PS: der nForce ist zwar atm der schnellste Chipsatz, allerdings gibt es damit wesentlich häufiger Kompatibilitätsprobleme als mit anderen. Gerade bei ner DVB-S Karte würd ich mich da noch ma umhören. Mit X-Fi Soundkarten mag der nForce auch nich so richtig.

----------

## kraut

ist der unterschied VIA K8T800 Pro vs nforce4 wirklich so enorm?

ich dachte, das gibt schon durch DualChannel RAM eh einen "guten schub"?

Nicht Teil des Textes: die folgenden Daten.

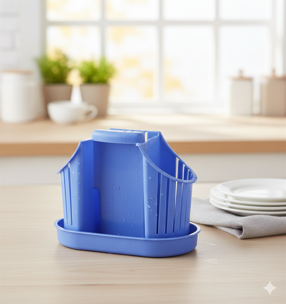 Suteikite savo virtuvei tvarkos ir modernaus stiliaus! Ši ryškiai mėlyna įrankių džiovykla yra ne tik praktiškas sprendimas po indų plovimo, bet ir estetiška detalė ant jūsų stalviršio.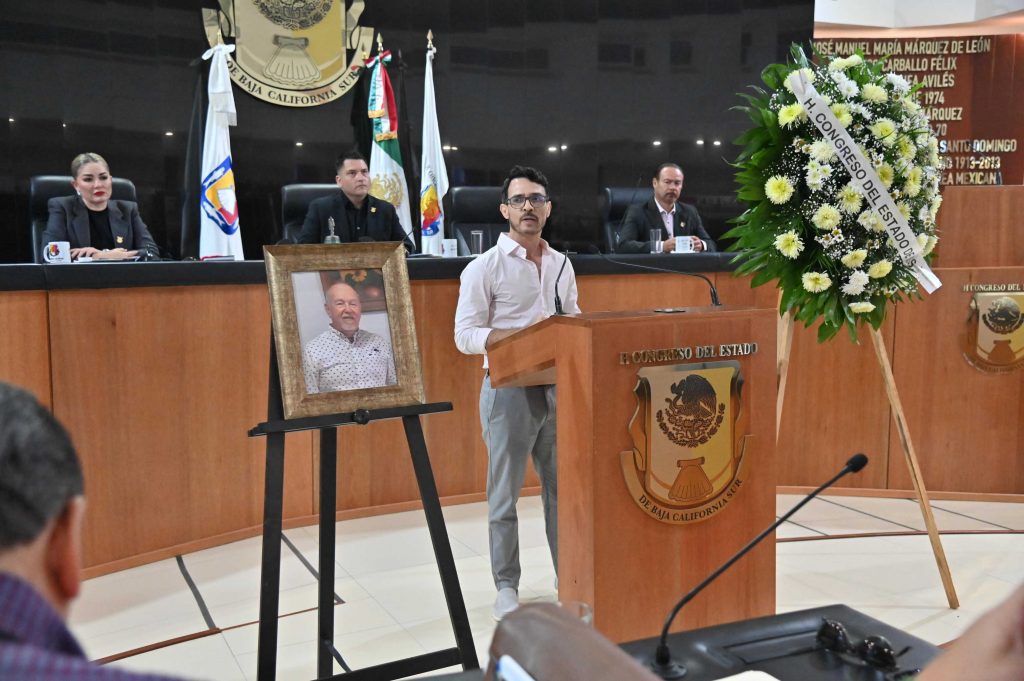 “Hoy recordamos a un extraordinario ser humano, quien hace unos días nos dejó físicamente, pero el recuerdo de sus acciones desarrolladas a su paso por el sector público a lo largo de más de 50 años a favor de las mejores causas de nuestra Patria Chica quedará siempre en la memoria colectiva del pueblo de Baja California Sur”, expresó desde tribuna el legislador.

und da das board auch FX prozessoren erlaubt, sollte es noch recht zukunftssicher sein?

wie gesagt - 3 PCI steckplaetze finde ich echt mager..

was mach ich mit den 3 PCI-E? klar, auf einer die graka, aber die anderen beiden? ich kenne garkeine PCI-E karten ausser grakas.   :Shocked: 

ferner ist mir auch - wie gesagt - ein limit gesetzt. mehr wie 500teuro <g> will ich keinesfalls investieren. auch bin ich kein overclocker, oder high-end gamer.

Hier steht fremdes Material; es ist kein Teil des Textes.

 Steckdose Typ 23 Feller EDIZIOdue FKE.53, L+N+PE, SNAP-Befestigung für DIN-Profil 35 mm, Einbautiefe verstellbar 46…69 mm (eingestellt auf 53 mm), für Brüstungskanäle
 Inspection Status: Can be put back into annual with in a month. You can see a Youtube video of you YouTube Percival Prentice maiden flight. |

compilation soll halt "gut abgehen", zukunftsssicher, aufruestbar, erweiterbar.

ich hatte auch schon an sockel754 gedacht.. aber das mit dem semprons ist wohl auch so ziemlich tot..

----------

## kraut

hey, ich sehe hier grad folgendes:

AMD Athlon 64 3700+ (Boxed, OPGA, "San Diego") - 111 euro   :Razz: 

komischerweise steht der bei atelco als auslaufartikel, und kostet aber 199,-   :Shocked: 

sollte ich da vielleicht schonmal zuschnappen, fuer 111?

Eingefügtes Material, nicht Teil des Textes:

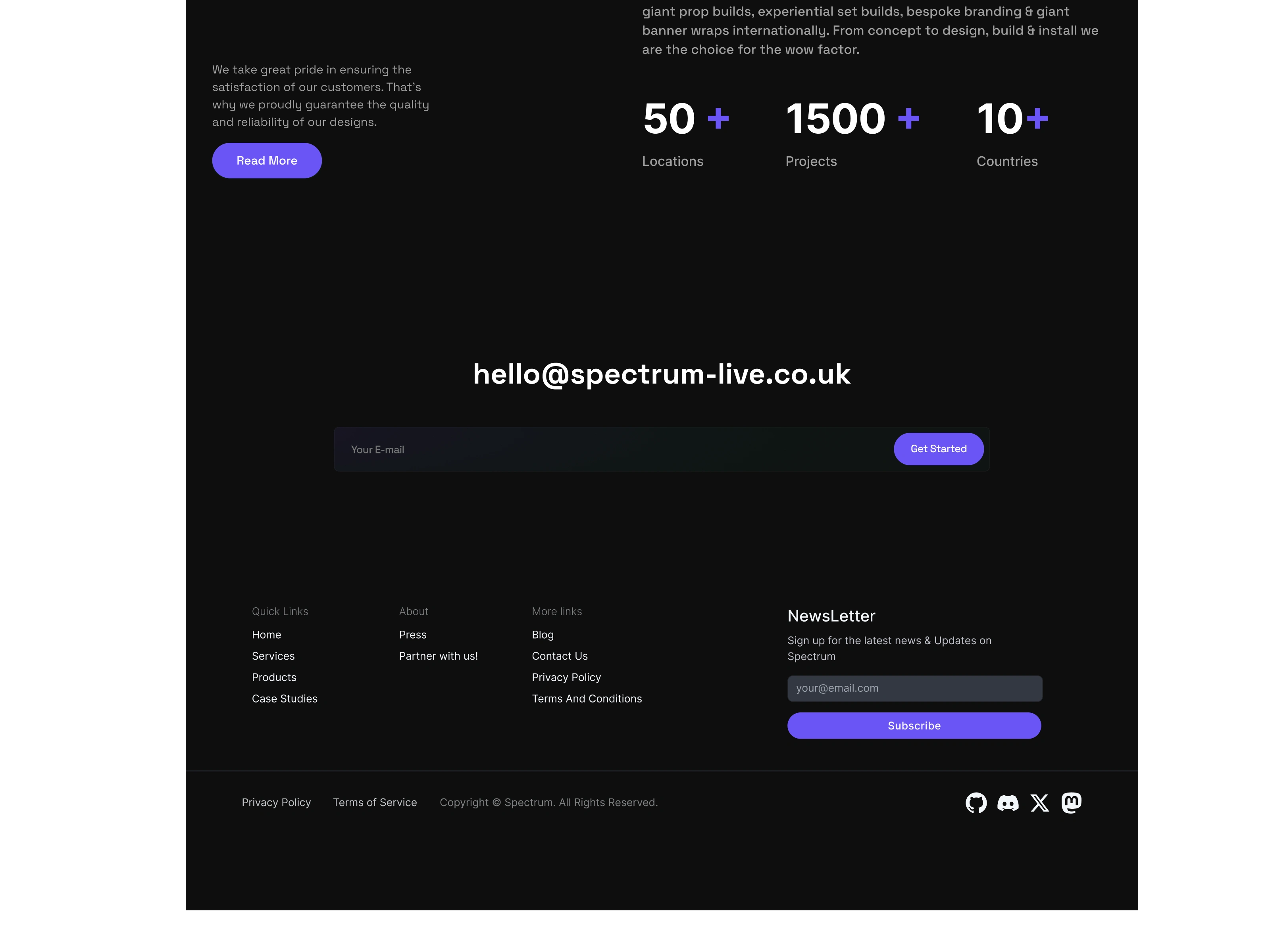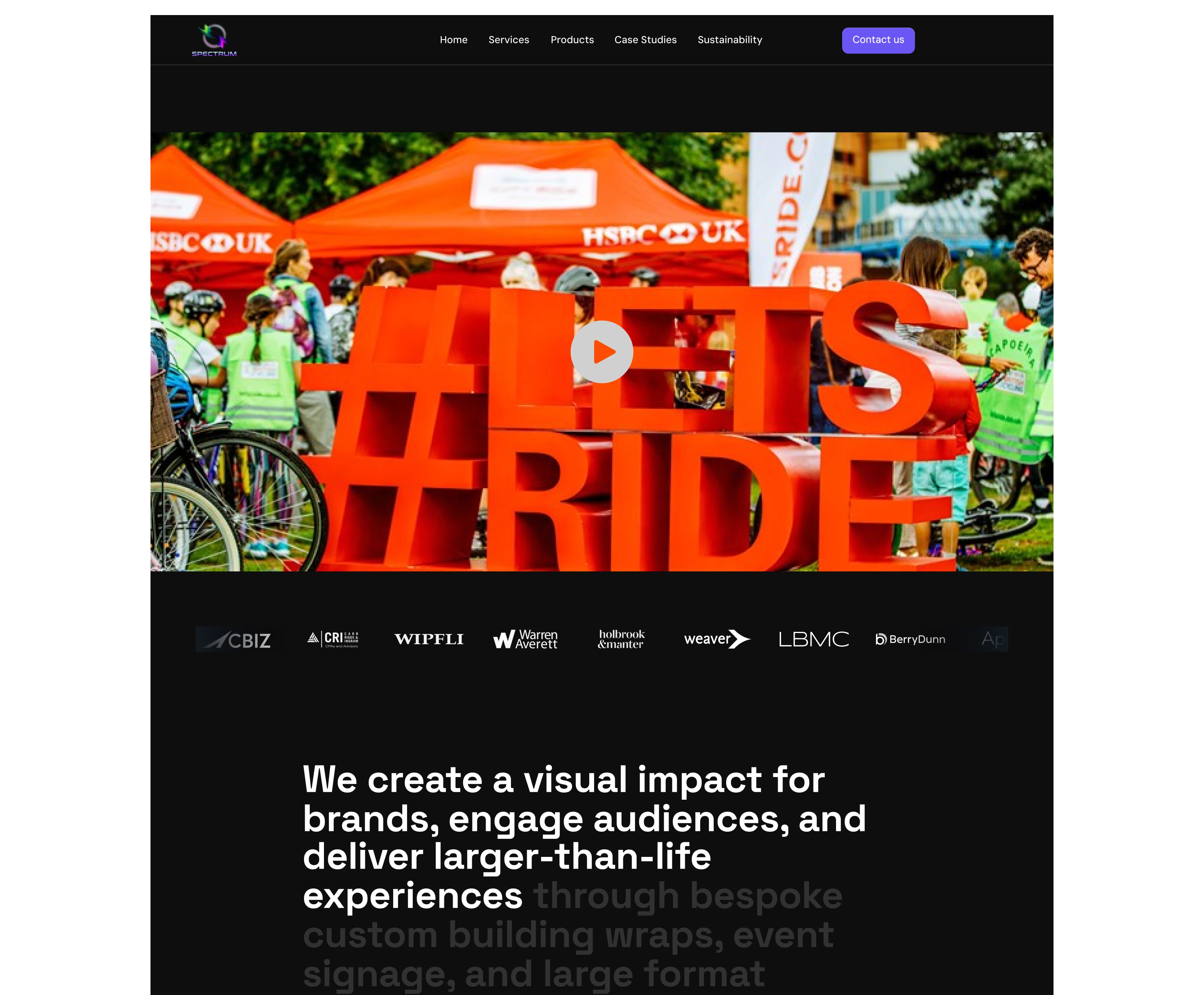 I redesigned the landing page for Spectrum Live, a multi-award-winning event branding agency known for fan engagement, rigging, sets & props, building wraps, signage, and large-scale event branding.

wenn ja, um versandkosten zu sparen, welches board empfehlt ihr dazu? ehrlich gesagt war ich "damals" immer gut mit EPOX zufrieden..

hmm, ich aender mal den betreff des threads.

----------

## VeS_Blade

Für was willst du den PC denn hauptsächlich nutzen?

Zukunftssicher bist du jedenfalls nur mit PEG. Zum 754 würde ich nicht raten, da lohnt sich wahrscheinlich der Neukauf kaum, je nachdem, was du für ein System hast.

Es gibt ja inzwischen auch AM2-Boards die DDR2-Speicher nutzen. Evtl. lohnt auch das warten, bis diese ein bisschen günstiger zu bekommen sind. Auch nicht vergessen solltest du, dass du bei einem Athlon 64 evtl. ein neues Netzteil brauchst und da würde ich dir auch vom günstigsten abraten da Billigware meist mit diskontinuierlicher Spannung aufwartet und auch nicht gegen Hotspots abgesichert ist. Schließlich versorgt das Netzteil alle Hardware in deinem PC und entscheidet auch über die Lebensdauer der Hardware mit.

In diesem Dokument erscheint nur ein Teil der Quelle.